The settlement for Unum prohibits the denial of benefit claims under an ERISA-governed group life insurance policy solely because of a lack of evidence of insurability when a plan participant has paid premiums for 90 days or more. In addition, the company must take steps to make changes to their delayed effective date of coverage for dependents more transparent to participants and policyholders.
Unum has notified the department that it will voluntarily re-process claim denials based on lack of evidence of insurability from Jan. 1, 2018, to the present and claim denials based on the delayed effective date provision from July 1, 2016, to the present.

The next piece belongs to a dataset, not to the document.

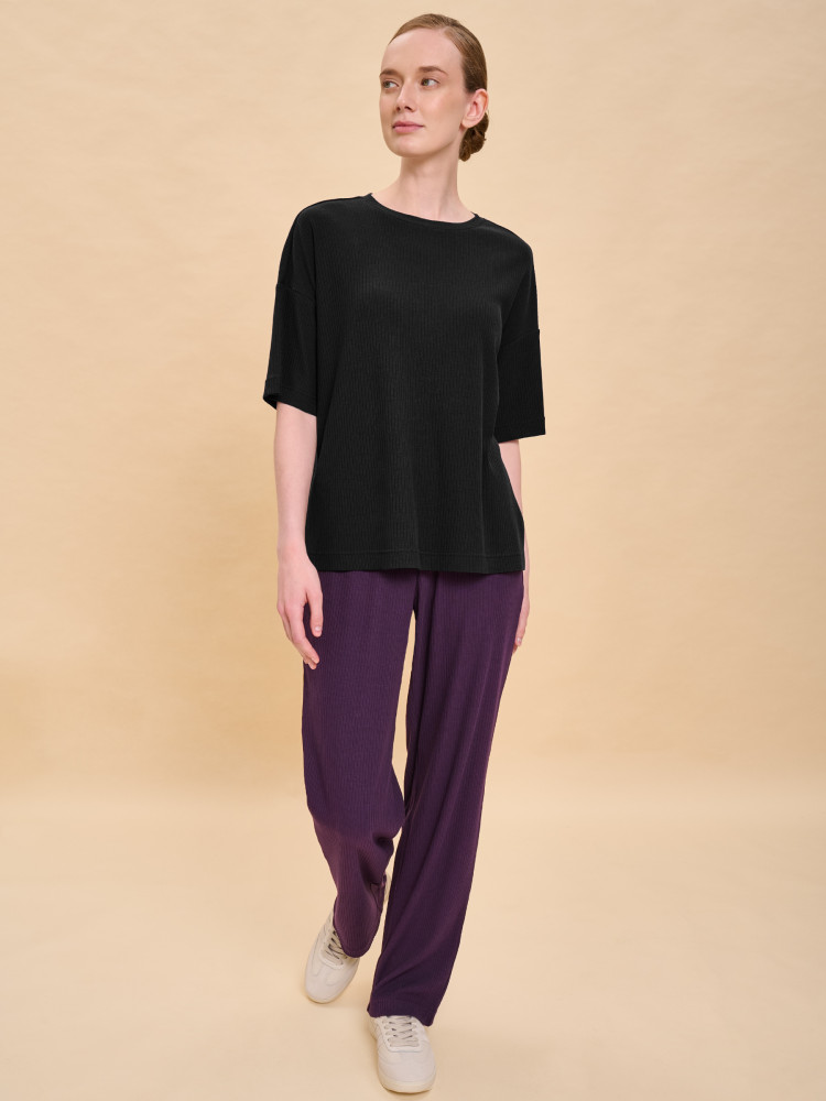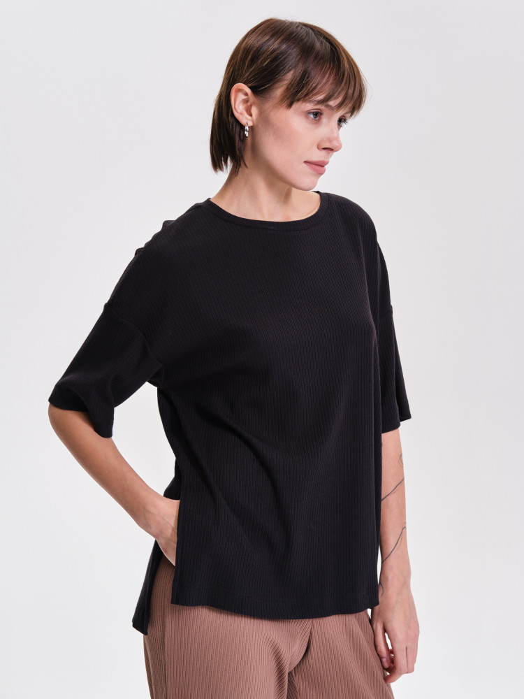 Футболка однотонная женская. Комфортная мягкая футболка силуэта оверсайз со спущенным плечом подарит вам комфорт и станет отличным дополнением повседневного гардероба. Модель выполнена из эластичной рибаны (ткань в рубчик), вырез горловины также обработан рибаной — она прекрасно держит форму, не растягивается, при этом футболку удобно надевать и снимать. Базовая футболка с рукавом длиной до локтя — актуальный тренд сезона. Изделие неприхотливо в уходе. Модель лаконичного дизайна, без принта. В составе ткани преобладает высококачественный хлопок — майка мягкая, дышащая, приятная на ощупь. Полиэстер помогает сохранить первоначальную форму и цвет в течение длительного времени. Однотонная футболка выполнена в актуальных и при этом универсальных цветах, её легко комбинировать с различными брюками, шортами, юбками. Футболка женская без принта — базовый элемент гардероба, пригодится в любой ситуации. Её можно носить в качестве домашней одежды и не только — можно создать множество различных актуальных образов. Однотонная футболка женская подходит для любого времени года, её можно носить как летом, так и в холодное время года в качестве среднего слоя одежды, а также на спорт.

The Lincoln settlement also requires that Lincoln may only request evidence of insurability from existing participants within the first year of them paying premiums. Lincoln cannot consider a participant’s health condition if it arose after the date of Lincoln’s first receipt of the participant’s premium payment. These requirements apply to Lincoln National Life Insurance Co. as well as its parent company, Lincoln National Corp. of Radnor and Lincoln Life & Annuity Co. of New York, another subsidiary of Lincoln National Corp.
This settlement follows similar agreements the DOL reached with Prudential Insurance Co. in April 2023 and United of Omaha Life Insurance Co. in September 2023. Investigations into other life insurance companies’ practices surrounding evidence of insurability are ongoing.
EBSA’s Boston regional office conducted the DOL’s investigation, and attorneys Suzanne Reilly and Celeste Moran, and ERISA Counsel Christine Collins of the Boston Regional Solicitor’s Office, negotiated the settlement for the DOL.